Values are always appended to the end rather than immediately replaced.
Redundant data marked for removal and is removed by a compaction process.
If simulateneous requests are made to the kube-apiserver to update a value, the first request updates the value, while the second results in a 409 error because the version number is different.
In a cluster, there is one master etcd database; the other databases are followers.
All etcd instances communicate with each other constantly to determine who the master is and who the successor to the master is.
Only the kube-apiserver communicates with the etcd instances.
etcdctl can query the database.
calicoctl allows for in-depth viewing of network configuration.
Both components need to be installed independently of Kubernetes.
The Felix daemon, Calico’s main agent, monitors and manages each interface, routing, ACLs, and state reporting.
Felix uses the BIRD daemon to propagate dynamic IP routing information to other nodes.
etcd can be backed-up using the snapshot save and snapshot restore flags of etcdctl.

kube-apiserver

kube-apiserver is the master process for the cluster and handles all calls, both internal and external.
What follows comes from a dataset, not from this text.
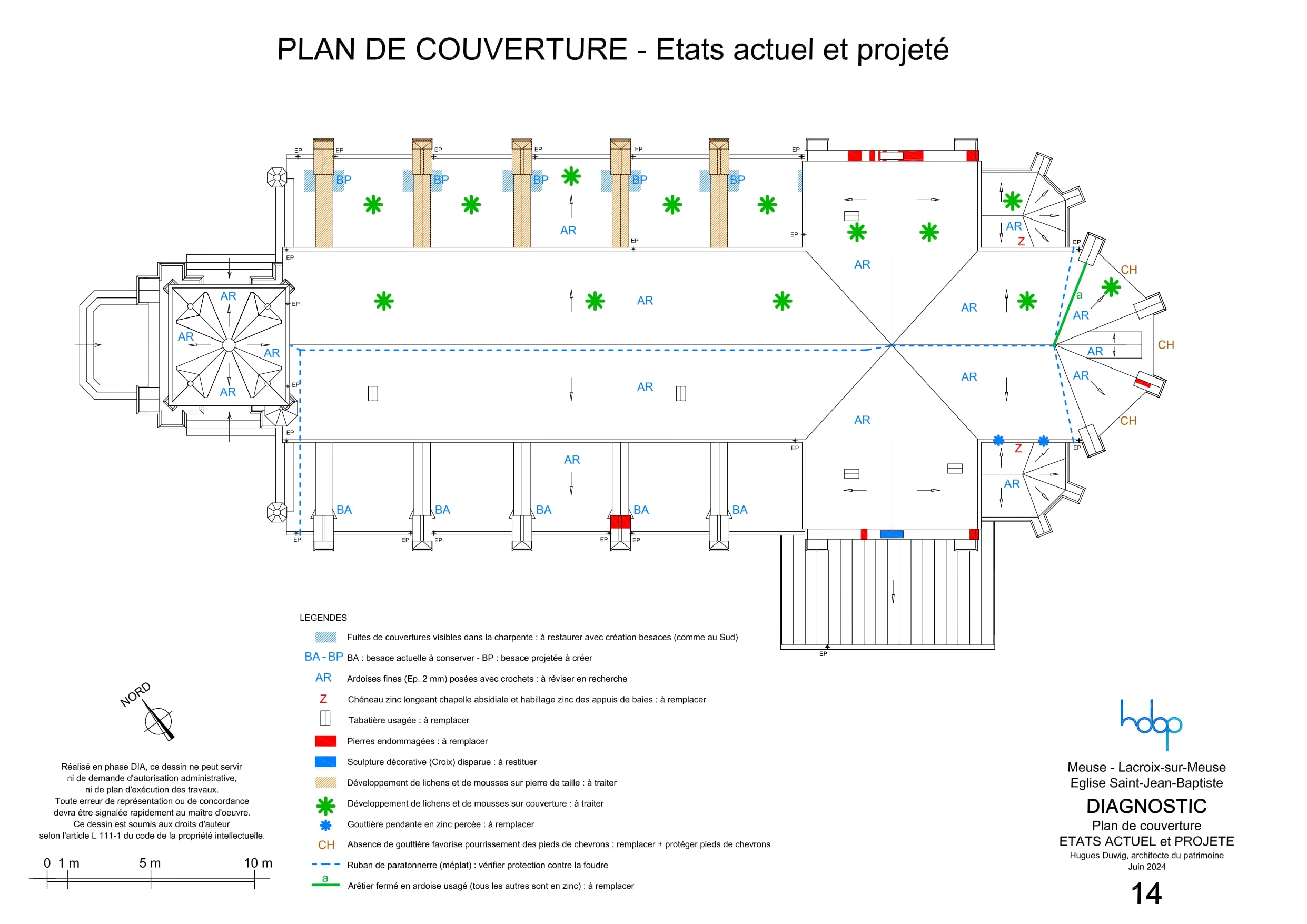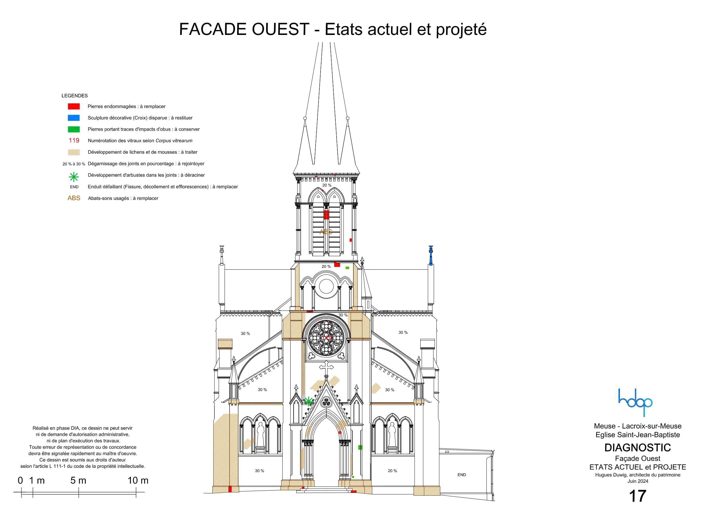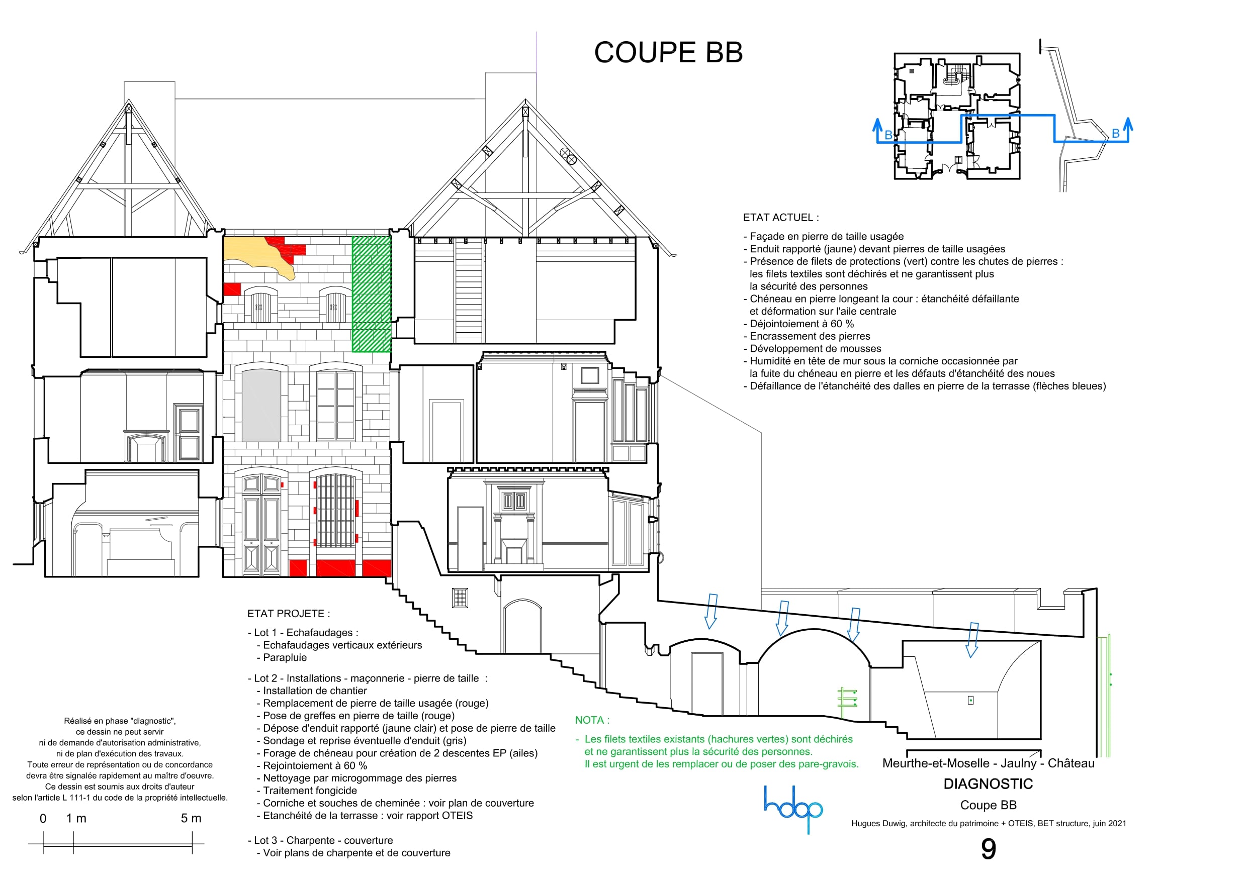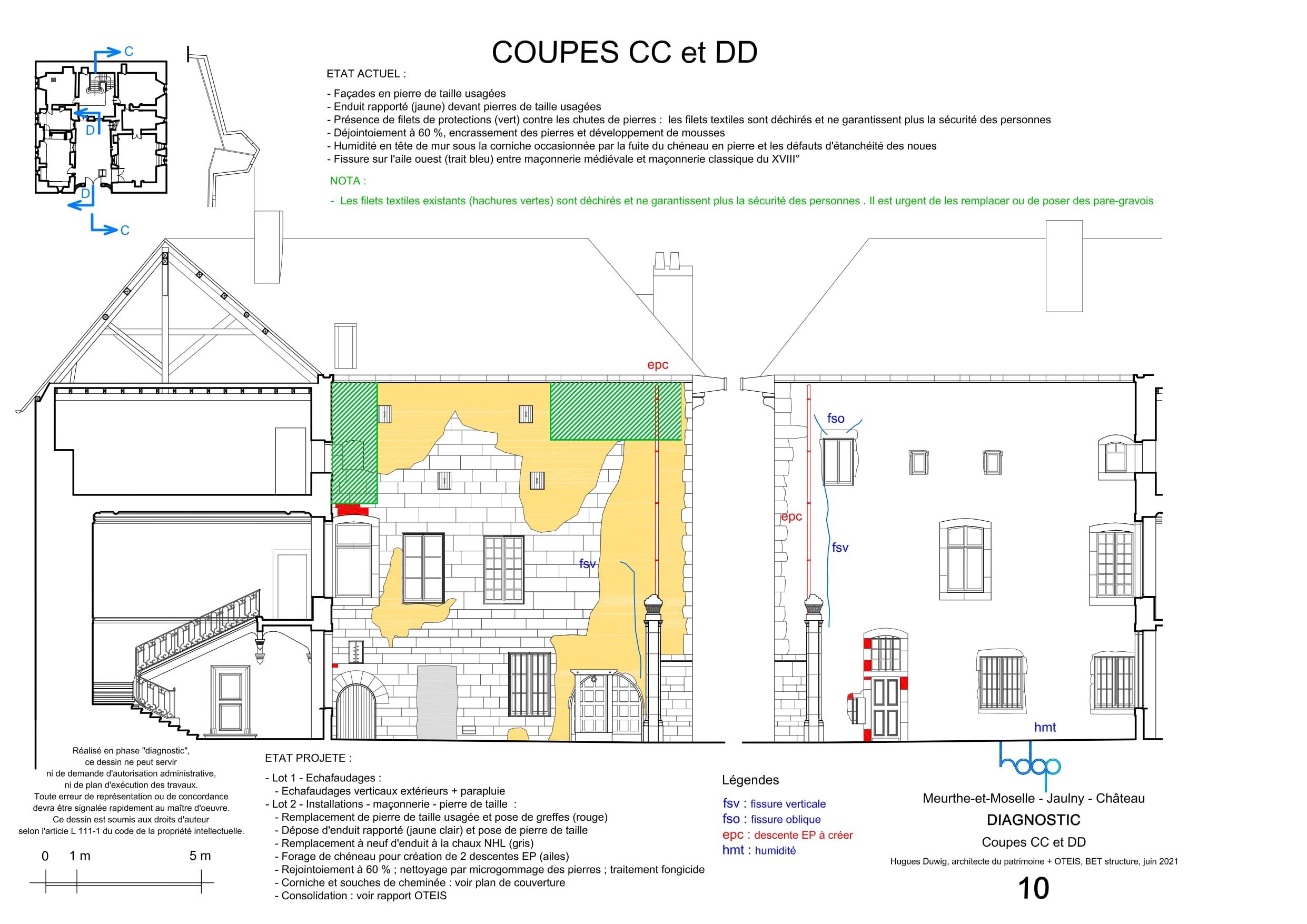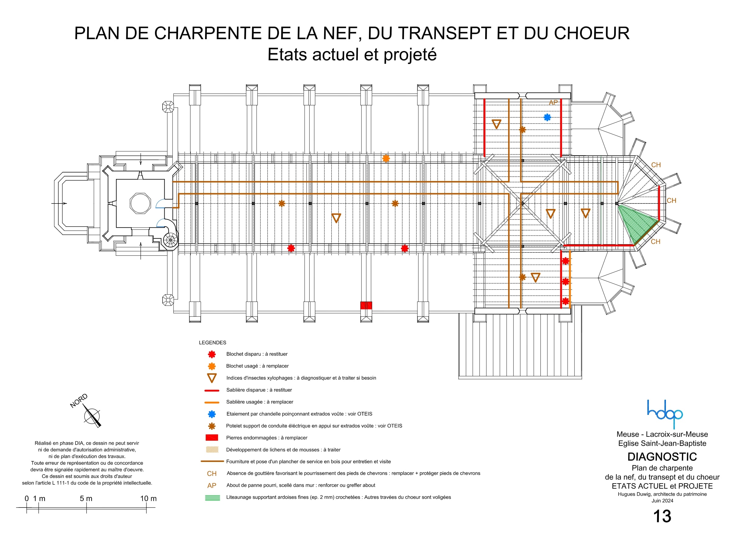 Le diagnostic a pour objet de dresser un bilan de santé du monument. Il comprend les relevés, les études historiques, l’état sanitaire et les premières propositions de travaux. Des tranches de travaux sont proposées en fonction des urgences.

kube-apiserver is the only connection to etcd.
The Kubernetes API provides a CRUD interface for querying and modifying the cluster state over a RESTful API.
When the Kubernetes API server receives a message, it goes through three phases before making changes to etcd: authentication, authorization, and admission.
In the authentication phase, the Kubernetes API ascertains which entity the message has come from.
In the authorization phase, the Kubernetes API ascertains whether the entity is allowed to perform the message action.
If the message specifies a CRUD action (rather than simply reading), it goes through the admission control phase.
In the admission control phase, the Kubernetes API iterates through plugins and allows them to manipulate the message action. Once completed, the API server validates the resultant object, stores it in etcd, and returns a response.
kubectl interacts with the Kubernetes API to perform actions.
Each Kubernetes control plane component only communicates directly with the API server.
YAML is converted to JSON before it is sent to the API server.

kube-scheduler

kube-scheduler is responsible for scheduling Pods to run on nodes.

An algorithm is used to determine destination nodes for Pods.
The schedulder is responsible for binding resources, such as volumes.
The scheduler contiuously tries to deploy a Pod until successful, unless there is no availability.
The algorithm is impacted by variables such as node affinity, taints, tolerations, and labels.
A custom scheduler can be used instead of kube-scheduler.
Pods can be bound to specific nodes.
Scheduler source code.

kube-controller-manager

kube-controller-manager interacts with the kube-apiserver to determine the current state of the cluster. If the current state diverges from the desired state, the manager contacts a controller to attempt to make the necessary adjustments.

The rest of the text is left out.